# bayshore power plant????????{oregon}



## pjc600 (Mar 13, 2006)

has there been any thing cought down there yet???
i know its that time of year im probley going to give it a try soon just looking for eny info>>>>. thanks...:B


----------



## pjc600 (Mar 13, 2006)

last year i was down there in a boat second week of feb. we did all right till about 4th week of march


----------



## pjc600 (Mar 13, 2006)

here is a link from last years talk http://www.michigan-sportsman.com/forum/showthread.php?t=130047
this post has a *map* and my* phone #* in it the only thing that has changed is i now have nextel..
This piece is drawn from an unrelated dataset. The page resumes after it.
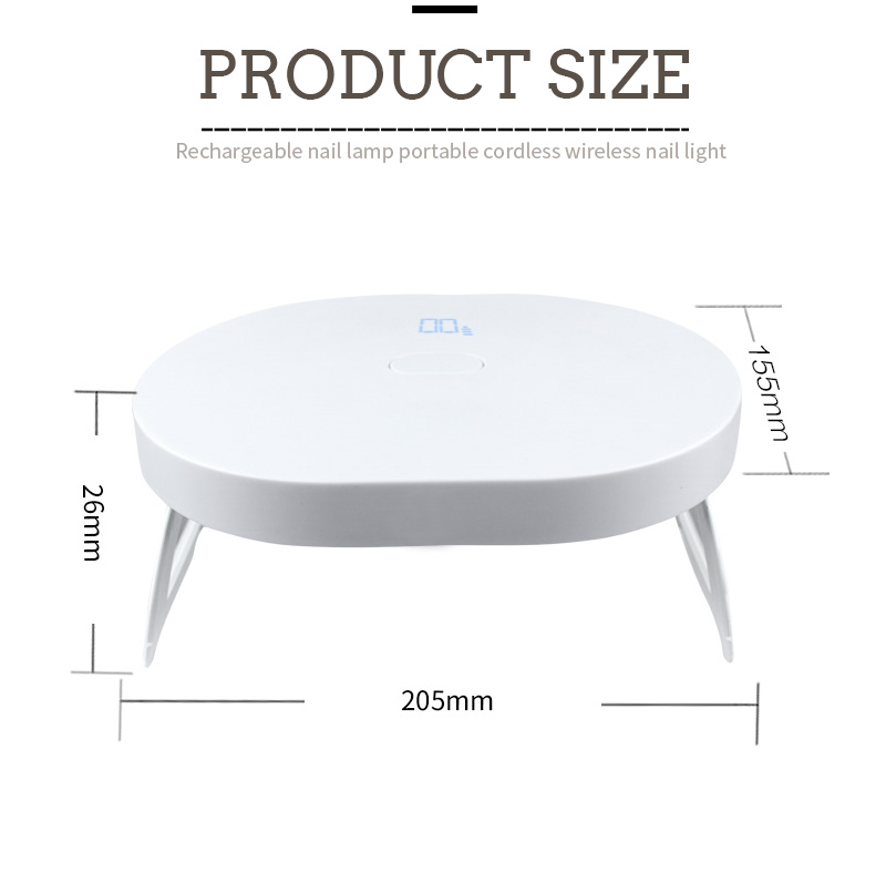 Rozměry skládací mini lampy na sušení nehtů jsou 205 mm na délku, 155 mm na šířku a 26 mm na výšku, s velkou kapacitou a možností používat ruce i nohy, což je velmi pohodlné.

direct connect 131*754673*1


----------



## pjc600 (Mar 13, 2006)

open water talked with a guy there had 1 6lb female and two steelhead so fish are there


----------



## rutty (Feb 5, 2007)

You can't get a boat in there yet can you?


----------



## pjc600 (Mar 13, 2006)

maybe ice built up on ramp is the word


----------



## pjc600 (Mar 13, 2006)

ill know more tomarrow if the snow will stop if not sunday it is on.....


----------



## pjc600 (Mar 13, 2006)

ok no way to use a boat yet there is a ice ridge that leads out a ways...
there is open water in the discharge tho the water is a little high and cloudy iv seen worse. was there yesterday for a few i did not bring the waders because i was by my self// two others showed up like me to just check things out. i fished for 3 hours with a good 1 hour of it trying to get a fire going to warm the hands. everything was to wet and froze to get a fire going and i was cold and tired of fighting the rocks and loosing jigs from shore. i will be going back today with waders. for those who dont know wading down there is the way to go,from shore all you will do is snag rocks..


----------



## pjc600 (Mar 13, 2006)

oh and the {word} was 2 fish [eyes} in the morning and just as i was getting there i had a guy walking out with a nice steelhead..........


----------



## capt S (Sep 5, 2007)

where is this power plant located. you can p.m. me if you don't want every one to now thanks guys.


----------



## pjc600 (Mar 13, 2006)

it is on bayshore rd in oregon right next to the powerplant is a parking area find the foot bridge follow the trail out [be carefull on the rocks}


4928 Bayshore Rd, Oregon, OH, USA

google it in sat view and you will see parking lot follow fence...


----------



## capt S (Sep 5, 2007)

hey thanks man i must have drove right past that a hundred times.


----------



## TheBiteIsOn (May 12, 2007)

My son was out yesterday evening, fished 2 1/2 hours, water was way down and by the time he left he said the water came up about 2 1/2 feet, no walleye but did get a 26" 7lb. steelhead on a floater:B


----------



## pjc600 (Mar 13, 2006)

that brings a smile to my face i told ya .............the eyes are in there just not real thick yet.. give it one week and watch....


----------



## hollandbass (Aug 8, 2007)

Good stuff guys, keep the updates rollin


----------



## dustin (Nov 14, 2007)

Do you guys use the same set up with floaters as you would in the river?


----------



## roger23 (Mar 7, 2007)

saw two guy at Jerome road area today with 3 small eyes 16/17 inches I did not get a thing except cold


----------



## fishbonez (Oct 23, 2007)

Thats great news will be down there very soon!! thanks for the report


----------



## pjc600 (Mar 13, 2006)

warm watter run off in the river!!
warm air temps!!!
fish starting up river!!!

GEAR UP BOYS GET UM WHILE THE GETENS GOOD!!!!


----------



## pjc600 (Mar 13, 2006)

well boys no time to type, arms tired of casting and i still have to clean fish................. {limit}


----------



## rolland (Jan 8, 2008)

> with a good 1 hour of it trying to get a fire going to warm the hands


The lent you toss away from your dryer will make this a lot easier. Lights easy and burns for a while to get your wood started.


----------



## pig (Mar 8, 2008)

went out sat.night 100 cast no fish bad NE wind will be back down on the 21 22 hope the wind will be right


----------



## pig (Mar 8, 2008)

will this east wind and snow ever stop


----------



## NorthSouthOhioFisherman (May 7, 2007)

We went and checked it out yesterday not much doing at least I know where it is now!


----------



## NorthSouthOhioFisherman (May 7, 2007)

Cool Place alotta guys snaggin! (tryin) lol


----------



## pjc600 (Mar 13, 2006)

ya you will have that down there.. its funny i have many times out fished the snaggers the leagle way.....


----------